L’uso del condizionale è d’obbligo dal momento che il pagamento di un riscatto per liberare Romano è solo presunto, mai confermato da alcuna fonte istituzionale italiana, né da Palazzo Chigi né dalla Farnesina. Ma alla domanda diretta di un giornalista se “il pagamento di un riscatto costituisca un problema” per Bruxelles, alla luce delle dichiarazioni “che il portavoce di al Shabaab (il gruppo terroristico che ha rivendicato il rapimento di Romano in questi mesi) ha rilasciato a La Repubblica per cui una parte di quei soldi serviranno per comprare armi”, Josep Borrell in conferenza stampa ha risposto “sì, sicuramente sarebbe un problema”. L’alto rappresentante per la politica estera e di sicurezza dell’Unione europea ha però aggiunto “francamente non ho altre informazioni da darvi. Sono spiacente” (“It must be a problem for sure, but frankly speaking I don’t have more information to give to you, sorry’”).

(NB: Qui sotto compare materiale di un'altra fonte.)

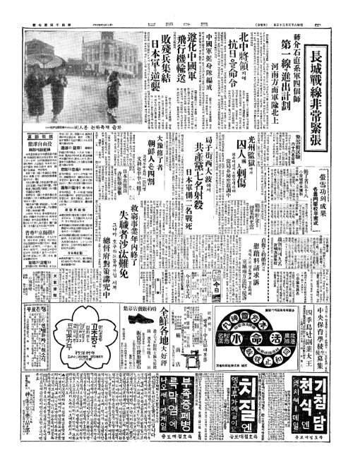 - 長城戰線非常緊張(장성전선비상긴장) 蔣介石直系軍四個師(장개석직계군사개사) 第一線(제일선)에進出計劃(진출계획)

Il ministro degli Esteri, Luigi Di Maio, intervistato in una trasmissione televisiva, ha prontamente smentito che ci sia stato un pagamento, dichiarando “a me non risultano riscatti, altrimenti dovrei dirlo”. E aggiunge “perché la parola di un terrorista che viene intervistato vale più di quella dello Stato italiano?”, ha detto in riferimento alle parole del portavoce degli Shabaab. La stessa linea del governo Conte è confermata anche dal ministro della Salute, Roberto Speranza.